- **INFORMATION SHOWN**:
*** Block opens ***

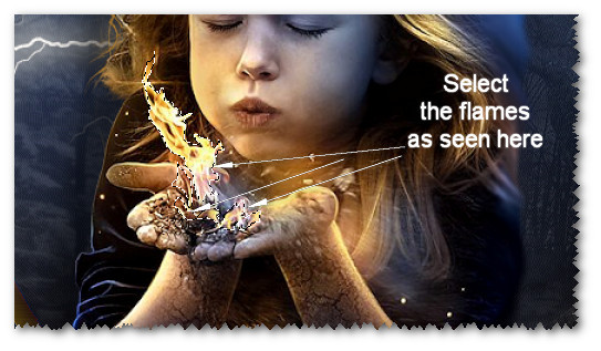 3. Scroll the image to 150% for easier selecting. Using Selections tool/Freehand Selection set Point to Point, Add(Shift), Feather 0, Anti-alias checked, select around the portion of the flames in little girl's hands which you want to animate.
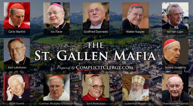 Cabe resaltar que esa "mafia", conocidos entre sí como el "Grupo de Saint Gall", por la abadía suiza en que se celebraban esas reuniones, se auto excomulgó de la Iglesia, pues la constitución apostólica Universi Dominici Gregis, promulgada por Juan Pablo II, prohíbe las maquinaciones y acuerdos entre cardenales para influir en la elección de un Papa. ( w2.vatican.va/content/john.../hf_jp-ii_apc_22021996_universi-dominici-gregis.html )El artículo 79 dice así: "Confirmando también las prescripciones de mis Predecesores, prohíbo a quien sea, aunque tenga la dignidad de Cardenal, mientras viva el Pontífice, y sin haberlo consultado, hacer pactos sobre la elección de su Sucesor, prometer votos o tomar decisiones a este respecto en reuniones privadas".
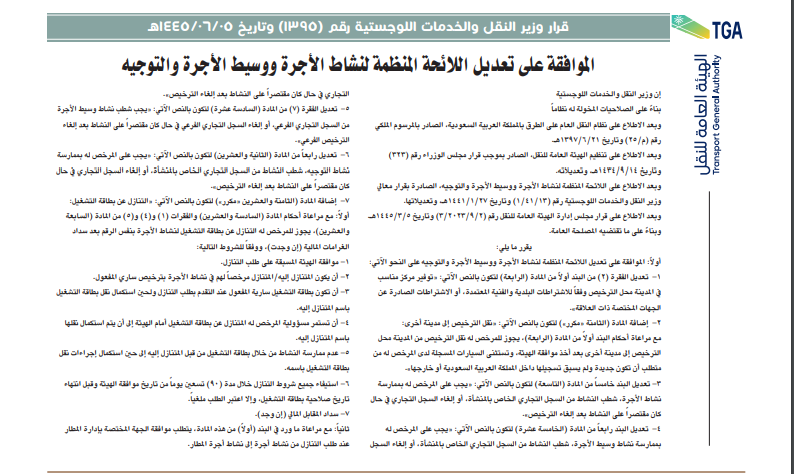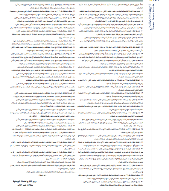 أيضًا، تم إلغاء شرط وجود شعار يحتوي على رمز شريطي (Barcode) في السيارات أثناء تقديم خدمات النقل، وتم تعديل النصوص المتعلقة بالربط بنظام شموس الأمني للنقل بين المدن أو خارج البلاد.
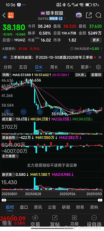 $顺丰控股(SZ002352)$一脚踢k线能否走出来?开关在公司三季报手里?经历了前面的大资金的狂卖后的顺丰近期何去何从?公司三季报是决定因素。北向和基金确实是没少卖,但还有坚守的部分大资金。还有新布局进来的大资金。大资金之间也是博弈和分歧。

*** Block closes ***
*** Block opens ***

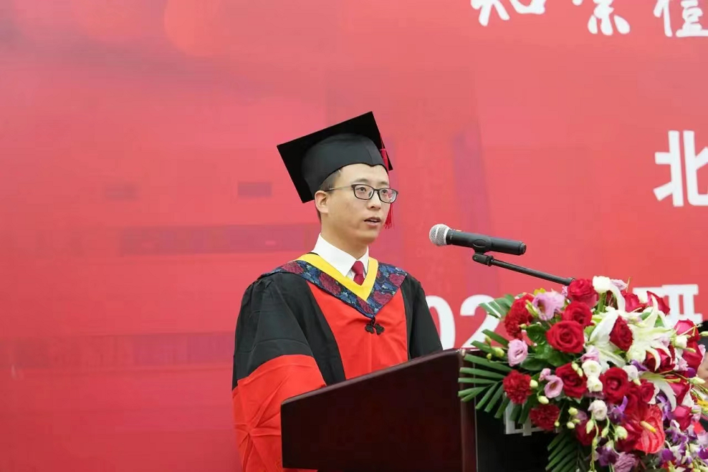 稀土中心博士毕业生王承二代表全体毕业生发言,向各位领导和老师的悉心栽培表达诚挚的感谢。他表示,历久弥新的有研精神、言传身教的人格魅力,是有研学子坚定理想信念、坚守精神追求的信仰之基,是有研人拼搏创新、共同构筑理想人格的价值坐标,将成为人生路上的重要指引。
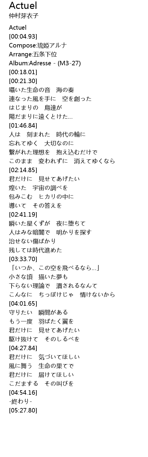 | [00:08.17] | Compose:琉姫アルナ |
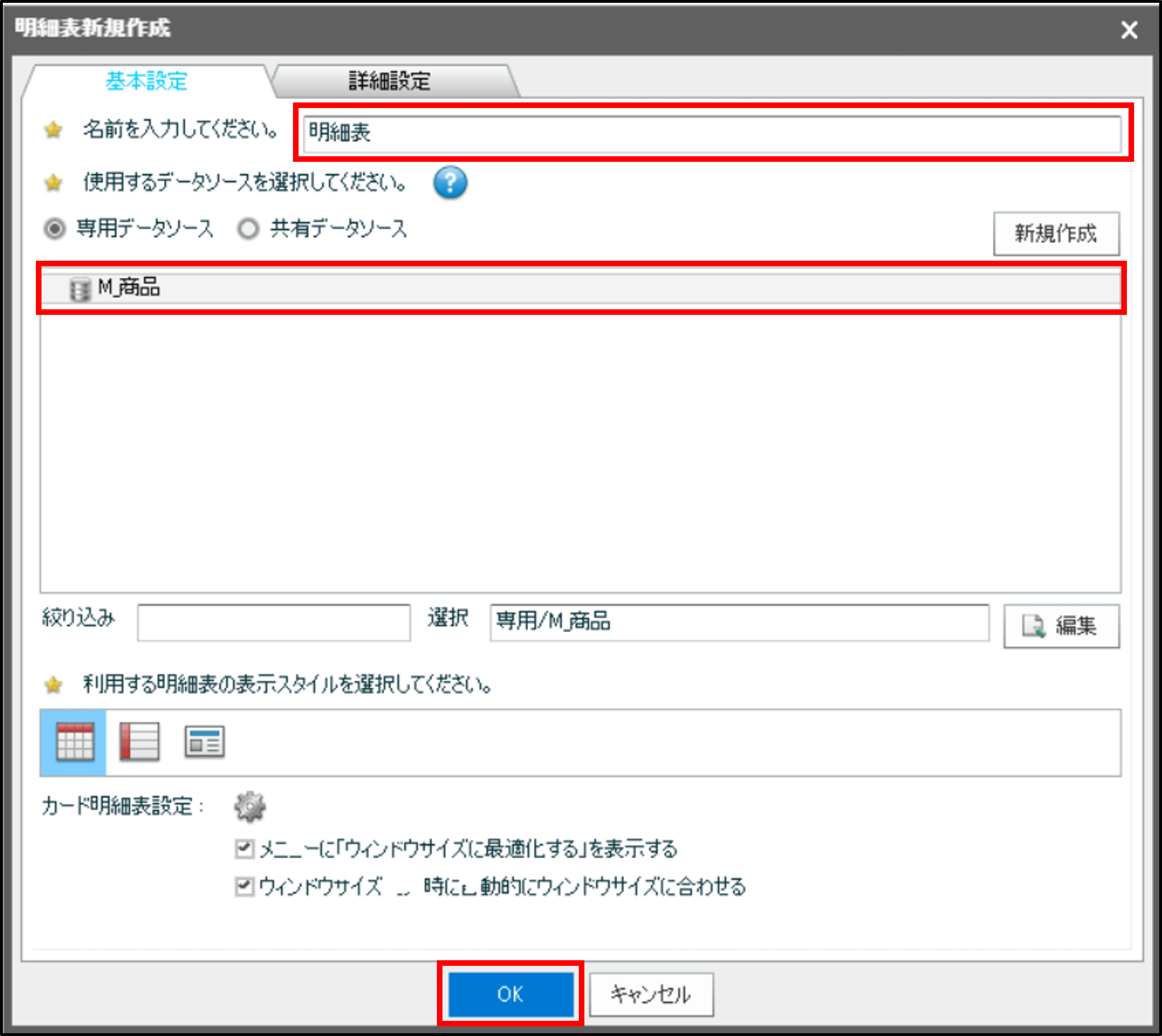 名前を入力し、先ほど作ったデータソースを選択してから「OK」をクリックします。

*** Block closes ***
*** Block opens ***

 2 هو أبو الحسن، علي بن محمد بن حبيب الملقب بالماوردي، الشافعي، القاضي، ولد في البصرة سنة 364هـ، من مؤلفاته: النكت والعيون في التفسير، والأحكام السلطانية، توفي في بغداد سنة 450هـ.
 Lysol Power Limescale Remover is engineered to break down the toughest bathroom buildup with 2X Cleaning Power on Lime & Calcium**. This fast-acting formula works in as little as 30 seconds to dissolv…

*** Block closes ***

- **DIRECTIONS FOR THIS TASK**: With the pictures omitted, restate word for word the lines above from the line that has "3. Scroll the" up to and including the line that has "Cabe resaltar que", and no other lines.

- **RESPONSE AREA**:
 3. Scroll the image to 150% for easier selecting. Using Selections tool/Freehand Selection set Point to Point, Add(Shift), Feather 0, Anti-alias checked, select around the portion of the flames in little girl's hands which you want to animate.
 Cabe resaltar que esa "mafia", conocidos entre sí como el "Grupo de Saint Gall", por la abadía suiza en que se celebraban esas reuniones, se auto excomulgó de la Iglesia, pues la constitución apostólica Universi Dominici Gregis, promulgada por Juan Pablo II, prohíbe las maquinaciones y acuerdos entre cardenales para influir en la elección de un Papa. ( w2.vatican.va/content/john.../hf_jp-ii_apc_22021996_universi-dominici-gregis.html )El artículo 79 dice así: "Confirmando también las prescripciones de mis Predecesores, prohíbo a quien sea, aunque tenga la dignidad de Cardenal, mientras viva el Pontífice, y sin haberlo consultado, hacer pactos sobre la elección de su Sucesor, prometer votos o tomar decisiones a este respecto en reuniones privadas".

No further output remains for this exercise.